Records for the task:
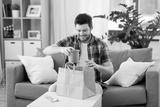 consumption, eating and people concept - smiling man unpacking takeaway food at home
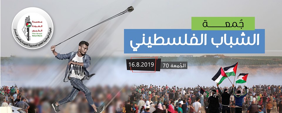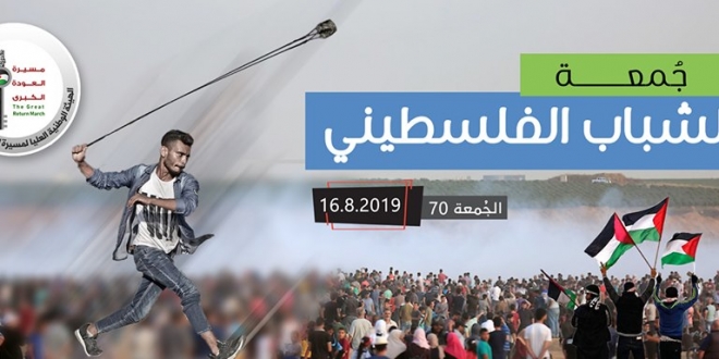 تتواصل اليوم فعاليات مسيرات العودة الشعبية في الجمعة السبعين بعنوان جمعة "الشباب الفلسطيني"؛ تزامنًا مع يوم الشباب العالمي، وللتعبير عن رفض الشعب الفلسطيني للمؤامرة التي تتعرض لها القضية الوطنية وللحصار الظالم على القطاع الصامد.
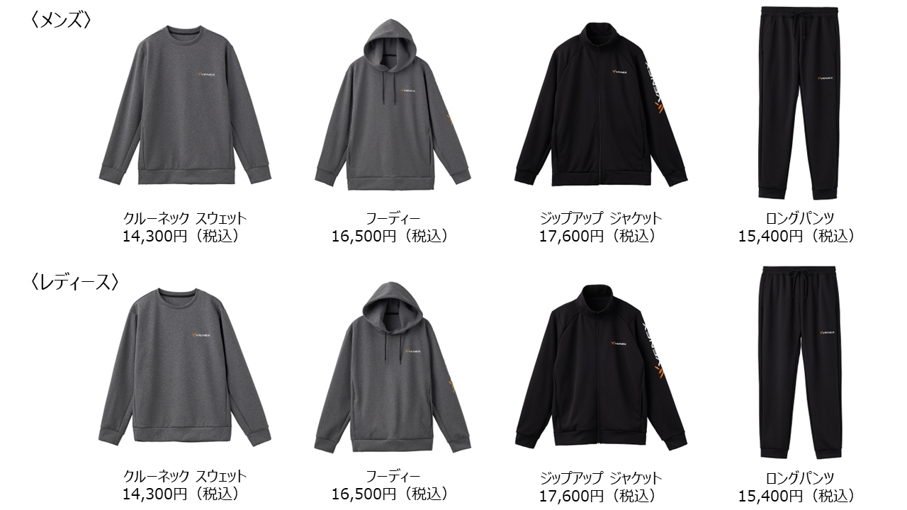 すべてのアイテムにおいて、リラックス時の姿勢でストレスを感じないよう、前身頃に脇の縫い目を配置する“リカバリー設計”にしています。『フーディー』と『ジップアップ ジャケット』の左腕外側には、大きなVENEXのロゴを施し、スポーティーなデザインに。さらに、『フーディー』、『ジップアップ ジャケット』、『ロングパンツ』にはポケットを、『ロングパンツ』にはウエストの調節が可能な紐を付けるなど、移動時の心地よさや利便性を追究しています。
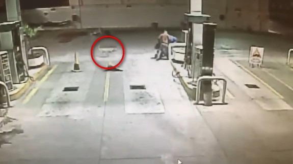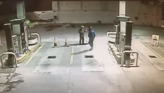 ▼事發當日,有兩名歹徒在清晨時分來到加油站,想要洗劫獨自工作的 Herald,還將他打倒在地。
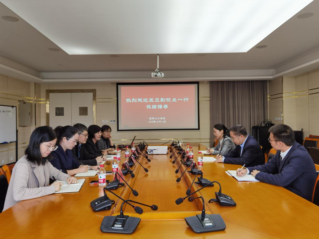 10月12日上午,校党委委员、副校长王正率组织部副部长谢志昂、人事处副处长徐璐洁走访医药化工学院调研指导。学院领导班子成员参加调研活动。
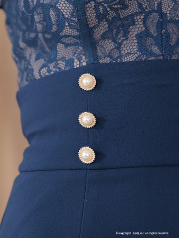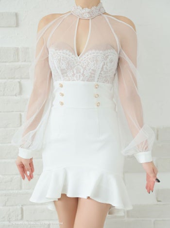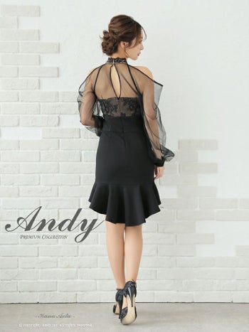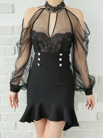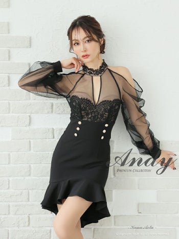 キャバドレス フレアミニドレス Andy アンディ レース 飾りボタン 長袖 シースルー 肩あき
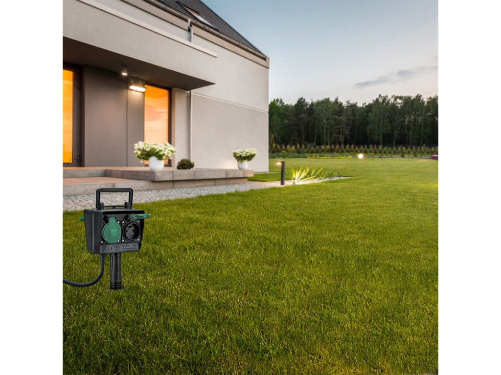 1,5 metru dlouhý gumový kabel typu s vodiči o průřezu 3×1,5 mm2 zajišťuje maximální příkon až 3680 W (16 A při 230 V~). Zvládne tak i energeticky náročnější zařízení. Černé provedení se zelenými krytkami zásuvek nenápadně zapadne do každé zahrady.
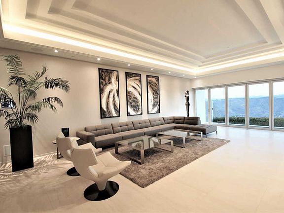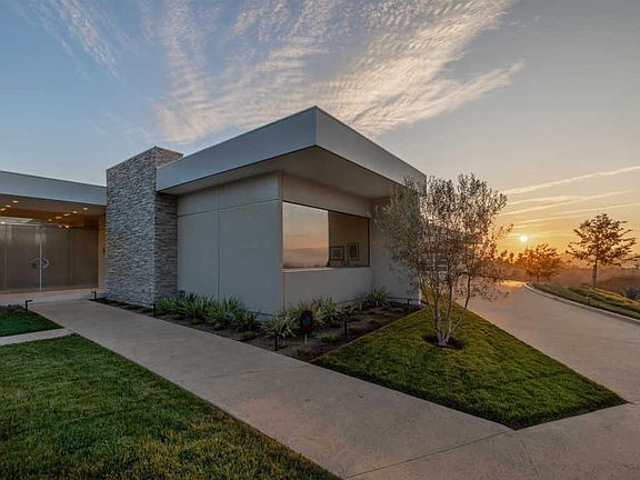 Eagle's Nest is the most unique estate in the Santa Rosa Valley. Stunning, one of a kind Contemporary Masterpiece designed by renowned architect Ebbe Videriksen, AIA. Modern Elegance in this newly renovated 5,000 sf estate perfectly situated atop 8 private acres. Open airy floor plan with soaring ceilings and walls of glass flood this unique home with natural light and offer spectacular views from almost every room. Connoisseur's kitchen with Meile appliances features a spacious breakfast area and melds into the formal dining room which includes its own wet bar and wine storage. Beautifully appointed library features its own office. There are 3 guest bedrooms and the sumptuous Grand Suite includes an adjoining gym. The property includes two garages, one featuring a basement for an abundance of storage or future wine cellar. State of the art Integrated Smart Technology System, Nest Thermostats, Security, Integrated Sound System and more. The lush landscaping is surrounded by nearly 2 acres of Mandarin Orange trees. For those looking to get away from the busy city life, one can infuse themselves in the beautiful natural surroundings of the Santa Rosa Valley and still benefit from being just a short drive from the 101 freeway, Camarillo Airport, Harbors, Beaches and local amenities. The breathtaking views and exceptional quality of this home must be experienced in person to be fully appreciated.

What the exercise asks:
Would you please write out the entries in full, exactly as they read, but without pictures?

Solved exercise:
 consumption, eating and people concept - smiling man unpacking takeaway food at home
 تتواصل اليوم فعاليات مسيرات العودة الشعبية في الجمعة السبعين بعنوان جمعة "الشباب الفلسطيني"؛ تزامنًا مع يوم الشباب العالمي، وللتعبير عن رفض الشعب الفلسطيني للمؤامرة التي تتعرض لها القضية الوطنية وللحصار الظالم على القطاع الصامد.
 すべてのアイテムにおいて、リラックス時の姿勢でストレスを感じないよう、前身頃に脇の縫い目を配置する“リカバリー設計”にしています。『フーディー』と『ジップアップ ジャケット』の左腕外側には、大きなVENEXのロゴを施し、スポーティーなデザインに。さらに、『フーディー』、『ジップアップ ジャケット』、『ロングパンツ』にはポケットを、『ロングパンツ』にはウエストの調節が可能な紐を付けるなど、移動時の心地よさや利便性を追究しています。
 ▼事發當日,有兩名歹徒在清晨時分來到加油站,想要洗劫獨自工作的 Herald,還將他打倒在地。
 10月12日上午,校党委委员、副校长王正率组织部副部长谢志昂、人事处副处长徐璐洁走访医药化工学院调研指导。学院领导班子成员参加调研活动。
 キャバドレス フレアミニドレス Andy アンディ レース 飾りボタン 長袖 シースルー 肩あき
 1,5 metru dlouhý gumový kabel typu s vodiči o průřezu 3×1,5 mm2 zajišťuje maximální příkon až 3680 W (16 A při 230 V~). Zvládne tak i energeticky náročnější zařízení. Černé provedení se zelenými krytkami zásuvek nenápadně zapadne do každé zahrady.
 Eagle's Nest is the most unique estate in the Santa Rosa Valley. Stunning, one of a kind Contemporary Masterpiece designed by renowned architect Ebbe Videriksen, AIA. Modern Elegance in this newly renovated 5,000 sf estate perfectly situated atop 8 private acres. Open airy floor plan with soaring ceilings and walls of glass flood this unique home with natural light and offer spectacular views from almost every room. Connoisseur's kitchen with Meile appliances features a spacious breakfast area and melds into the formal dining room which includes its own wet bar and wine storage. Beautifully appointed library features its own office. There are 3 guest bedrooms and the sumptuous Grand Suite includes an adjoining gym. The property includes two garages, one featuring a basement for an abundance of storage or future wine cellar. State of the art Integrated Smart Technology System, Nest Thermostats, Security, Integrated Sound System and more. The lush landscaping is surrounded by nearly 2 acres of Mandarin Orange trees. For those looking to get away from the busy city life, one can infuse themselves in the beautiful natural surroundings of the Santa Rosa Valley and still benefit from being just a short drive from the 101 freeway, Camarillo Airport, Harbors, Beaches and local amenities. The breathtaking views and exceptional quality of this home must be experienced in person to be fully appreciated.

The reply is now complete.